People v. Green

Balletta, J.,

dissents and votes to affirm the judgment appealed from, in the following memorandum in which Thompson, J. P., concurs. I must respectfully disagree with my colleagues in the majority. This court recently stated that "[a]s a general proposition, a defendant is entitled to show the hostility of any witness who testifies against him * * * (see, People v McDowell, 9 NY2d 12, 15). However, '[t]he extent to which an examination may go for the purpose of proving the hostility of a witness must be, to some extent, at least, within *467the discretion of the trial judge’ (People v Brooks, 131 NY 321, 326)” (People v Folk, 145 AD2d 505; see also, People v MacDonald, 53 AD2d 980; People v Lane, 9 AD2d 979).

At the trial herein, David Stines, apparently the only eyewitness to the assault who was able to identify the defendant as one of the assailants, was extensively cross-examined about his relationship with the defendant and the defendant’s family. Defense counsel was also able to elicit the fact that although he had been friendly with the Green family at one time in the past, he was no longer friendly with them. Stines stated that he was convinced by his parents to sever the friendship because the defendant’s parents had once accused Stines’s parents of abusing Stines’s sister. Emmit Stines, David’s brother, testified on cross-examination that he blamed the Green family for their part in influencing Stines’s sister to leave, and, in his words, influencing her to live with the Greens in "an immoral role”. He also claimed that he and the defendant had a fight in which the defendant attacked him with a machete.

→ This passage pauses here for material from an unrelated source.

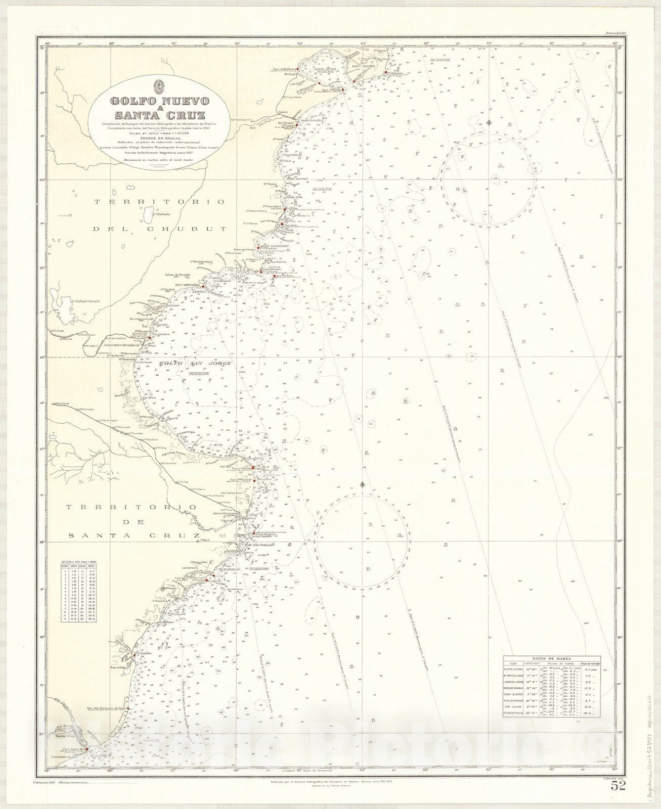 • .Map : Santa Cruz, Argentina 1937, Golfo Nuevo a Santa Cruz , Antique Vintage Reproduction
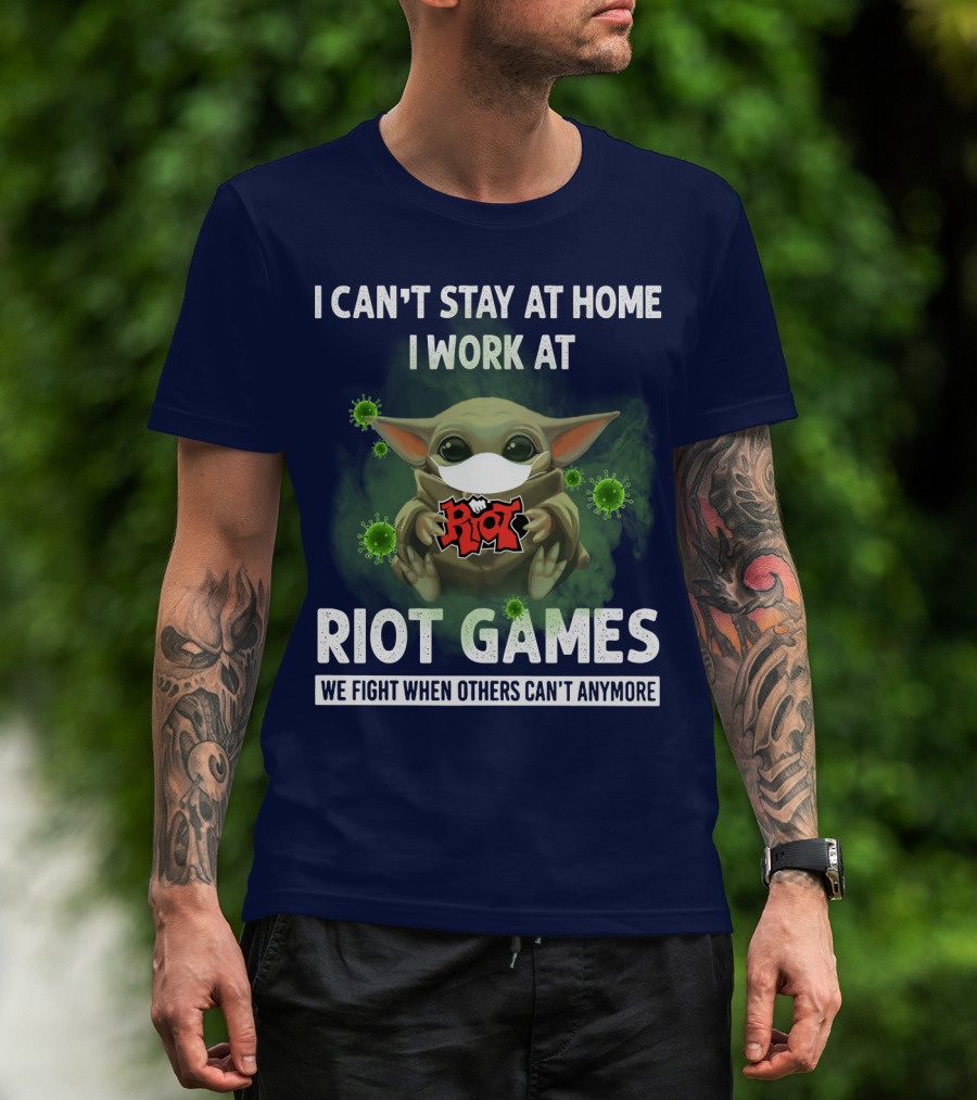 The I CAN'T STAY AT HOME I WORK AT RIOT GAMES WE FIGHT WHEN OTHERS CAN'T ANYMORE T-shirt is designed for everyday wear and a consistent fit. Fabric is pre-shrunk ring-spun cotton with durable stitching. See the size chart below for exact measurements.

The majority makes much of the fact that Stines did not come right out and say that he "hated” the defendant. However, it is readily apparent that any bias or hostility on the part of Stines, as well as the motivation therefor, towards the defendant was fully before the jury. Thus, the proffered testimony of Moore would have only been cumulative on the issue, and the trial court therefore did not abuse its discretion in excluding it (see, People v Polk, 84 AD2d 943).

Furthermore, Moore’s claim that Stines had told him that he has asked the victim for $25 in return for naming the attackers was clearly irrelevant to the question of Stines’s purported hostility against the defendant. There is no indication that Stines conditioned the $25 upon his naming the defendant as the victim’s assailant, and the majority’s leap in logic in connecting the two is unsupported by the record.

The defendant’s remaining contentions are equally without merit, and I therefore vote to affirm the judgment.